Madres espirituales

 

En el monacato primitivo, el acompañamiento espiritual estaba ampliamente difundido. Más aún, era obligación que cada monje joven tuviera un padre espiritual a quien debía revelar sus pensamientos y sentimientos, a quien debía absoluta obediencia. Los monjes no hablan en este punto de acompañamiento sino de paternidad espiritual. El padre espiritual es más que un educador, más que un rabino o maestro de la ley judío. Porque su paternidad se funda en la paternidad divina. Padre es aquel que confiere ser y vida a otro. Dios es Padre en sentido absoluto. De Él ha recibido Cristo su paternidad para con nosotros. Y el padre espiritual debe imitar a Cristo, nuestro Padre: “Ya que ustedes son padres, imiten a Cristo Padre y aliméntennos con el pan de cebada de la enseñanza de cómo mejorar las costumbres.”

 

Evagrio llama a Cristo no sólo padre sino también madre: “Este mismo Cristo puede designarse, según el contexto, como padre o bien como madre: Como padre de aquellos que poseen el espíritu de la filiación, pero como madre de aquellos que aún necesitan de la leche y no de comida sólida.
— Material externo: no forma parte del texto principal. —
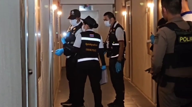 ส่วนทางด้าน เจ้าหน้าที่ตำรวจพิสูจน์หลักฐานเขต 2 แพทย์เวรโรงพยาบาลวัดญาณสังวราราม พร้อมด้วยเจ้าหน้าที่ตำรวจชุดสืบสวนจังหวัดชลบุรี สืบสวนภาค 2 ตม.จ.ชลบุรี ตำรวจท่องเที่ยวพัทยา ชุดสืบสวน สภ.นาจอมเทียน เข้าเก็บหลักฐานต่างๆภายในห้องพัก อาทิ คราบรอยนิ้วมือแฝงต่างๆในห้องพัก คราบรอยนิ้วมือแฝงที่ถุงดำ กุญแจมือ โดยใช้เวลาประมาณ 1 ชม. ก่อนนำร่างผู้เสียชีวิตนำส่งสถาบันนิติเวช โรงพยาบาลตำรวจ เพื่อชันสูตรหาสาเหตุที่แท้จริง เพื่อดำเนินการตามขั้นตอนของกฎหมาย

Así el Cristo que hablaba a través de san Pablo fue padre de los efesios, en cuanto les reveló los misterios de la sabiduría; pero fue madre de los corintios, en cuanto los alimentó con leche.”

 

De este modo, en el monacato no sólo hay padres espirituales sino también madres espirituales, las así llamadas “ammas”. Su maternidad imita a Cristo como madre nuestra. Y se las cree igualmente capaces de acompañar a los hombres en su camino hacia Dios, sobre todo, naturalmente, a las mujeres, cuya psiquis ellas comprenden mejor.

A. G.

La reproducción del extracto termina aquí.